Optimizing ClickHouse for Financial Time Series

MS DevMS Dev
7 min read

Our product, https://marketlens.app, is a market visualization tool that receives data from exchanges’ WebSockets. Top exchanges produce gigabytes of data daily. For instance, Binance ETH/USDT perpetual futures recorded 7 million trades in a single day on February 3, 2025.

To illustrate the volume of trades, we queried the top three trading days by trade count:

SELECT symbol, toDate(ts), count(*) FROM trades GROUP BY symbol, toDate(ts) ORDER BY count(*) DESC LIMIT 3
SymbolDateTrade Count
binance:futures:linear:ETHUSDT2021-05-198,001,640
bybit:futures:linear:ETHUSDT2025-02-037,229,811
bybit:futures:linear:BTCUSDT2025-02-036,713,708

Orderbook updates can significantly outnumber trades. For example, Binance BTC/USDT perpetual futures had 267 million orderbook updates on April 7, 2025, despite Binance providing only aggregated updates every 100 milliseconds.

Here are the top three days by orderbook update volume:

SELECT symbol, toDate(ts), sum(length(prices)) AS num_of_updates FROM orderbooks GROUP BY symbol, toDate(ts) ORDER BY num_of_updates DESC limit 3
SymbolDateNumber of Updates
binance:futures:linear:BTCUSDT2025-04-07267,488,693
binance:futures:linear:BTCUSDT2025-03-04246,896,146
binance:futures:linear:BTCUSDT2025-03-07241,906,906

We have collected approximately 900 GB of data over the past several months for top markets like BTC and ETH on Binance, and we have optimized storage as much as possible. We would like to share our findings with you.

Both trades and orderbook updates can be naturally sorted by timestamps, which determines the order for columns and codecs. Let’s assume this sort order for our analysis.

Trade IDs

Trade IDs are used by exchanges to uniquely identify each trade.
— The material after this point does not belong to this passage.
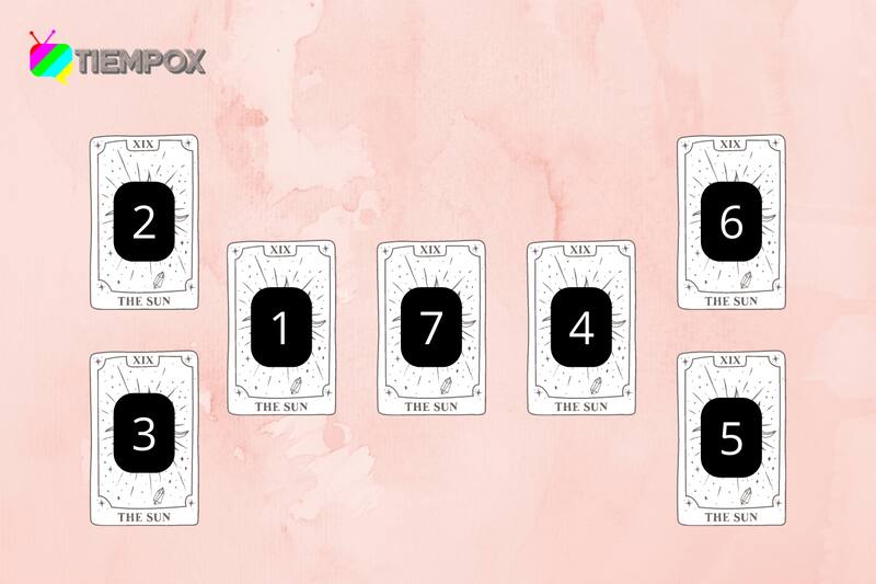- Finalmente, con la idea ya en tu cerebro y la intención sobre las cartas revuelve el mazo, saca 7 cartas y ordénalas de manera en que indica la imagen.

Most exchanges use sequential IDs, while some, like Bybit Futures, use UUIDs.

Sequential IDs are straightforward, and the DoubleDelta codec performs best. The Delta codec transforms a sequence like [2, 3, 4, 5, 6] into [1, 1, 1, 1, 1], and DoubleDelta goes further, producing [0, 0, 0, 0, 0]. Applying ZSTD further improves the compression ratio, as shown below.
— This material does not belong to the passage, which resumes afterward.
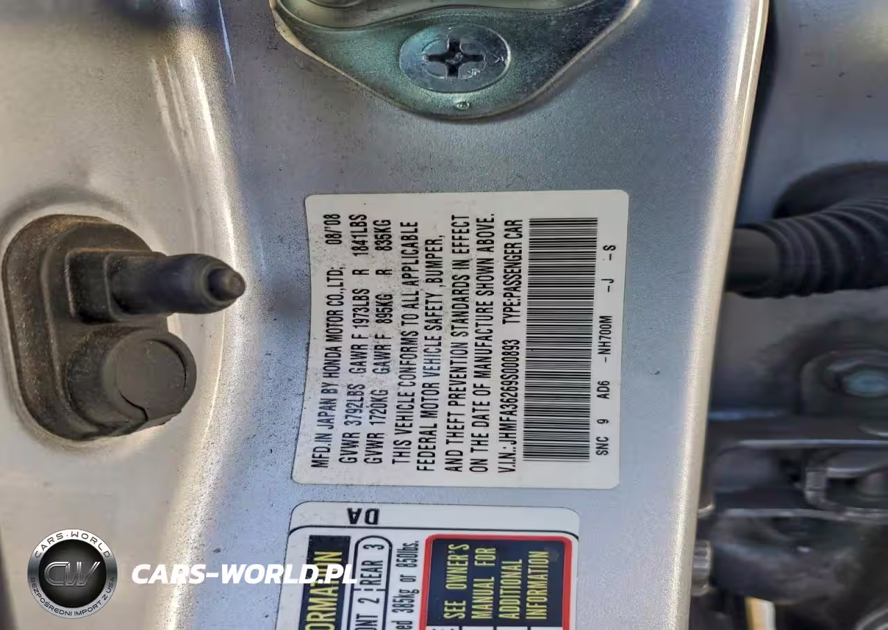 Copart Nr: C-98228535 VIN: JHMFA36269S000893 Port: Houston, TX

UUIDs, on the other hand, are designed to be unique and random, making them effectively incompressible. Compression methods like NONE, LZ4, and ZSTD yield a compression ratio of 1. Fortunately, Bybit Futures is the only exchange we encountered that relies on UUIDs.

Trade Timestamps

Binance provides a stream that aggregates trades with the same prices, while Bybit pushes all unique trades separately. Both claim to push data in real-time. Most exchanges provide trade timestamps with millisecond precision, with only Coinbase providing microseconds. Therefore, our datatype is DateTime64(6, 'UTC'), which stores microseconds since epoch start (1970-01-01 00:00:00 UTC) as Int64. It seems that trade timestamps will be quite random, but let’s see what we get.
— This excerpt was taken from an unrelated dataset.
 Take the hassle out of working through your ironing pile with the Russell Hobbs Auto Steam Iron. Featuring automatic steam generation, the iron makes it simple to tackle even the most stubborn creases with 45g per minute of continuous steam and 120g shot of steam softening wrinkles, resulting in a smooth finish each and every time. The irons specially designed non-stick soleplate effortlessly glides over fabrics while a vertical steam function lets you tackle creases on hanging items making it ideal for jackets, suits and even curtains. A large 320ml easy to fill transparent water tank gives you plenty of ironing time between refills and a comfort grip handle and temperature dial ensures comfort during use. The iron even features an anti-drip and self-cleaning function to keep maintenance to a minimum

ZSTD effectively eliminates repetitive parts in sequential timestamps. We didn’t expect anything from T64 and were surprised that it improved plain LZ4 compression, however, worsened plain ZSTD. Delta improved compression for both LZ4 and ZSTD probably just by simplifying work for them.

Trade Prices

Prices are decimal values. Binance and Bybit provide them as JSON strings, while Deribit uses the JSON number type, which is effectively a string as well, just without quotes. Precision varies significantly. The smallest precision we encountered was ZENIX/USDT on Mexc with 25(!) decimal places; most exchanges are more reasonable, with no more than 9 decimal places used. We considered several options.

Float64

The binary internal representation of floats leads to precision loss for decimal numbers; however, under certain constraints, precision loss is recoverable back to exact initial decimal values.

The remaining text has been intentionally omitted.